A new dawn in Kenya, Money lenders have three days to comply with directives.
Africapitalism Economy

A new dawn in Kenya, Money lenders have three days to comply with directives.

Kenya is going all out to regulate its digital economy, and enforcement is not taking a backseat there. Last year, the east-African country laid out regulatory blueprints for both the payments and digital lending industries. At first, it seemed like business as usual: African regulators saying how things should be but never following through on ensuring them. However, things are turning out differently this time. 

Earlier this year, Kenya’s central bank pushed companies—even unicorns—out of the country’s market of payment operators for their lack of compliance. Now, the tide has turned to digital lenders. They have been given a 3-day ultimatum to comply with the country’s regulation for digital lending or face a bitter extinction.

The story begins in October 2021,  with the Central Bank Amendment Act of 2021, where lawmakers redefined regulatory standards and cemented acceptable country-wide practices for digital lenders in the country. Amongst other things, all the 100+ digital lenders were required to register afresh with the CBK and accept to be regulated by the country’s apex bank. The bank also introduced a cap on interest rates and enforceable measures to maintain data privacy. It also declared that lenders who did not adapt to these changes would have their licenses revoked. 

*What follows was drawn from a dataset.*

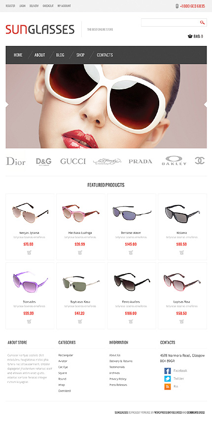 Responsive Sungalsses Store Jigoshop Themes TMT

Before this move, anyone in Kenya could easily operate a digital lending company. There wasn’t even a need to obtain a license. Registering was enough, and players had the autonomy of decisions regarding customers’ data. Like all things unregulated, the market fell easily into chaos. 

The lack of regulation made it commonplace for digital lenders to access the messages and contacts of their customers and explore predatory lending tactics. Some companies like Opesa and Okash, who required loan payments within 30 days and at often exploitative interest rates, used customers’  personal contact details to apply debt-shaming tactics on the customers. Other companies shared data of loan defaulters with third parties without the customers’ permission and frequently overlooked the 60-day Google Play policy for digital lenders. 

A lending app user

A year after, Kenya’s government has probably heard enough sob stories, and they’re now swinging to action. All companies seeking to continue as digital lenders will now be screened under particular requirements. First, they must be incorporated under the Companies Act 2015. They must also ensure that their significant shareholders, senior management, and directors meet the criteria outlined in the regulations. 

In a legal alert document, Joseph Githaiga and Caroline Kipkulei of PwC’s Legal & Regulatory Compliance Advisory department shed more light on the situation: 

“Similar to other CBK regulated financial institutions, new digital credit providers seeking a license are first required to submit their proposed names to the CBK for approval before proceeding to incorporate a company with the Registrar of Companies. Upon submission of a digital credit licence application with the CBK, the CBK may grant or reject the application within sixty (60) days from the date of receipt of the application.”

CBK has given digital lenders a 3-day ultimatum (until Saturday, September 17, 2022) to make their applications. After applications are closed, successful companies will be allowed to continue operating in Kenya under the watchful eyes of its central bank. 

While this has been lauded as a great move by Kenya’s government, it may also result in a significant drop in the profitability of credit products in Kenya, which may consequently affect the investment worthiness of the industry. Also, bad loans might be on the increase, especially as loan defaulters are now aware that desperate tactics to enforce repayment will no longer be permitted.